For a of array type A or *A:

  • Constant subscripts must be in bounds
  • Raises a runtime panic if a is nil or x is out of bounds at runtime
  • a[x] is an array element whose subscript is x, and the type of a[x] is the element type of A

For a of slice type S:

  • If the slice is nil, or x is out of bounds at runtime, a runtime panic is raised
  • a[x] is a slice element with subscript x and the type of a[x] is the element type of S

For a of type string type T:

  • If the string a is also a constant, the constant subscript must be within bounds.
  • If x is out of range, a runtime panic occurs
  • a[x] is the byte with subscript x and the type of a[x] is byte
  • a[x] is not assignable

For a of type mapped type M:

  • The type of x must be assignable to the key type of M
  • If the map contains an item with key x, then a[x] is the map value for key x, and the type of a[x] is the value type of M
  • If the map is nil or contains no such items, a[x] is the zero value of the M value type

In a map a of type map[K]V, subscript expressions can use a special form:

v, ok := a[x]

Assignment or initialization, the subscript expression result is a value pair of type (V, bool). In this form, ok evaluates to true if the key x is already in the map, and false otherwise. The value of v is the single-valued form of a[x]. Assigning a value to an element of a nil map causes a runtime panic

slice

For a string, array, pointer to array, or slice a, a[low : high]a string or slice is constructed.
The subscript of a slice starts at 0 and has a length equal to high - low. For convenience, any subscript can be omitted. An omitted low subscript defaults to zero; an omitted high subscript defaults to the length of the cut operand:

	a := [5]int{1, 2, 3, 4, 5}
	s1 := a[1:4]
	s2 := a[:4] //等价于a[0:4]
	s3 := a[1:] //等价于a[1:5]

For slices, the upper bound is the slice's capacity cap(a) rather than its length. The constant subscript must be a non-negative value and can be represented as a value of type int. If their subscripts are also constants, they must satisfy low <= high. If a is nil or its subscript is out of bounds at runtime, a runtime panic is raised.

type assertion

The notation x.(T)is called a type assertion. Asserts that x is not nil and that the value stored in x is of type T.
More precisely, x.(T) asserts that the dynamic type of x is the same as T if T is a non-interface type. In this case, T must implement the (interface) type of x, unless its type assertion is invalid because it cannot store a value of type T for x. If T is an interface type, x.(T) asserts that the dynamic type of x implements interface T.
If the type assertion holds, the value of the expression is the value stored in x and its type is T. If the type assertion fails, a runtime panic occurs:

var x interface{} = 7  // x 拥有动态类型 int 与值 7
i := x.(int)           // i 拥有类型 int 与值 7

type I interface { m() }
var y I
s := y.(string)        // 非法:string 没有实现 I(缺少方法 m)
r := y.(io.Reader)     // r 拥有 类型 io.Reader 且 y 必须同时实现了 I 和 io.Reader,特别注意这种情况!

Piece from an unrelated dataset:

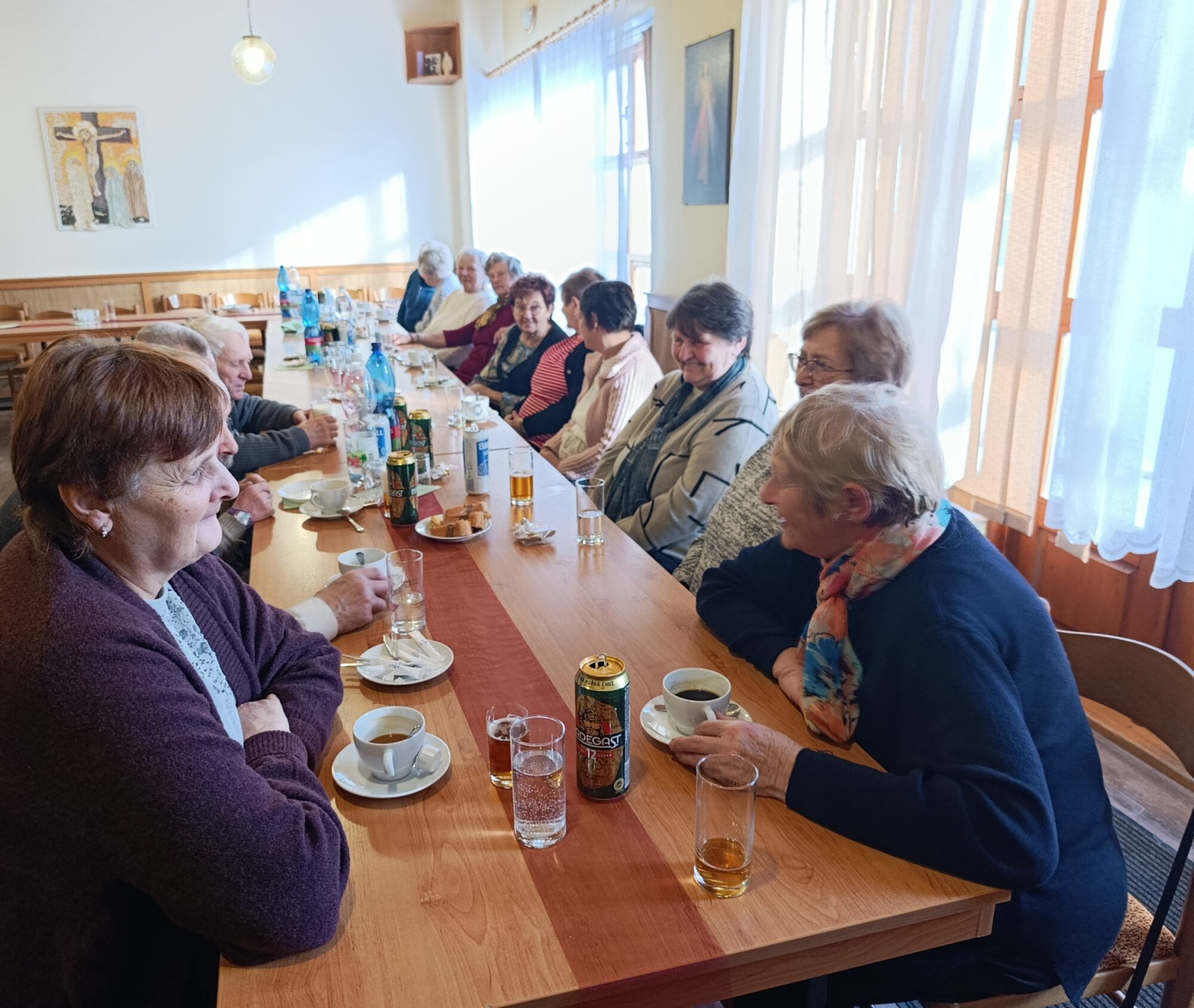 Během oběda byl dostatek času na rozhovory, sdílení životních příběhů, budování vztahů a vzájemné povzbuzení. Nikdo nespěchal – každý se cítil jako v rodině, přijat s otevřeným srdcem a pozorností.
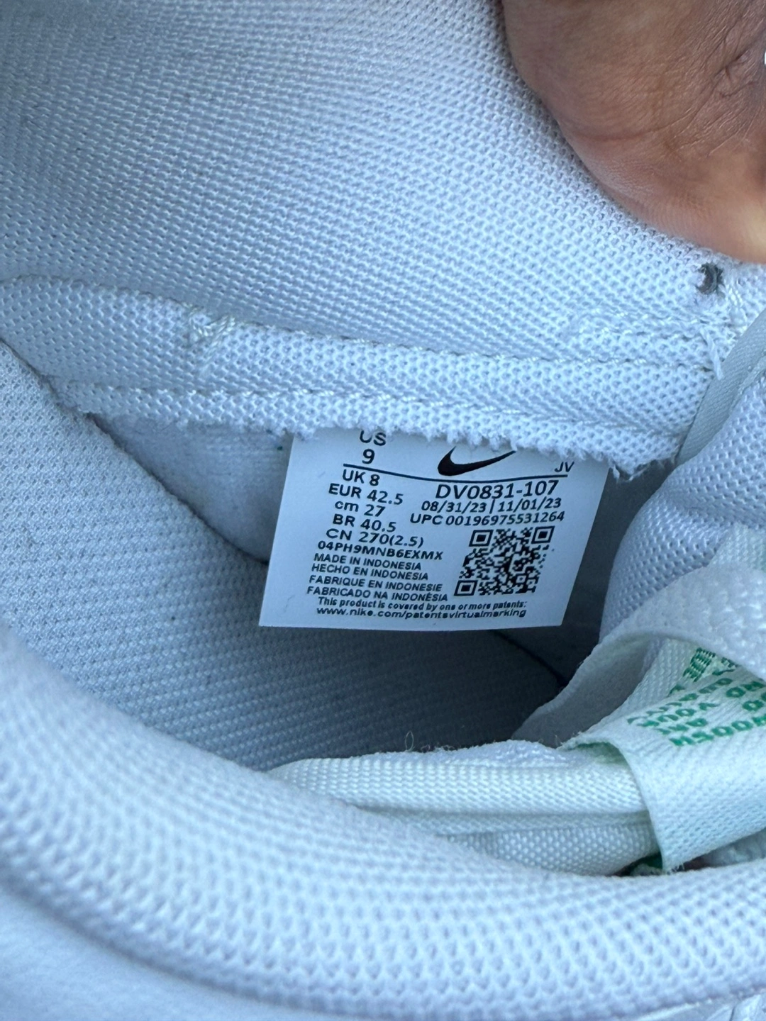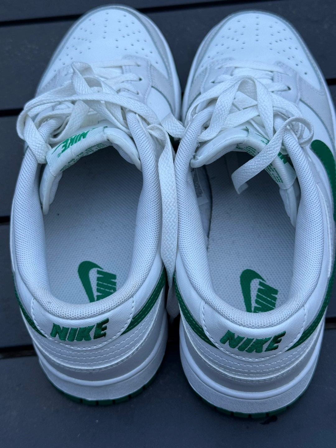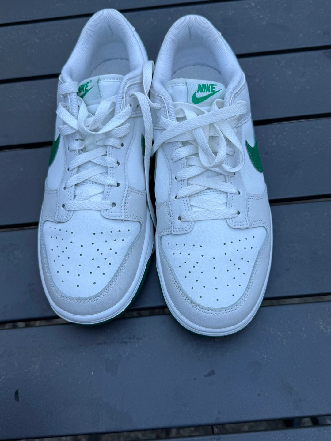 Selling a pair of Nike Dunk Lows in a clean white and green colourway! These are in US size 9. The manufacturing date on the tag is 2023 August 31

If the type assertion starts with

v, ok := x.(T)

The form of is used for assignment or initialization, and the result of the assertion is a value pair of type (T, bool). If the assertion is true, the expression returns the pair (x.(T), true); otherwise, the expression returns (Z, false), where Z is the zero value of type T. This situation does not generate a runtime panic. A type assertion in this construct behaves like a function call returning a value and a boolean to indicate success.

transfer

In a function call, function values ​​and arguments are evaluated in the usual order (that is, from left to right).

pass arguments to formal parameters

If f is a variadic function with parameter ...Ttype , then in this function, the actual parameter is equivalent to the formal parameter of type []T. For each invocation of f, the argument passed to the last formal parameter is a new slice of type []T, whose successive elements are the actual arguments, which must all be assignable to type T. Thus, the length of the slice is the number of arguments bound to the last parameter, and may be different for each call site.

func Greeting(prefix string, who ...string)
Greeting("hello:", "Joe", "Anna", "Eileen")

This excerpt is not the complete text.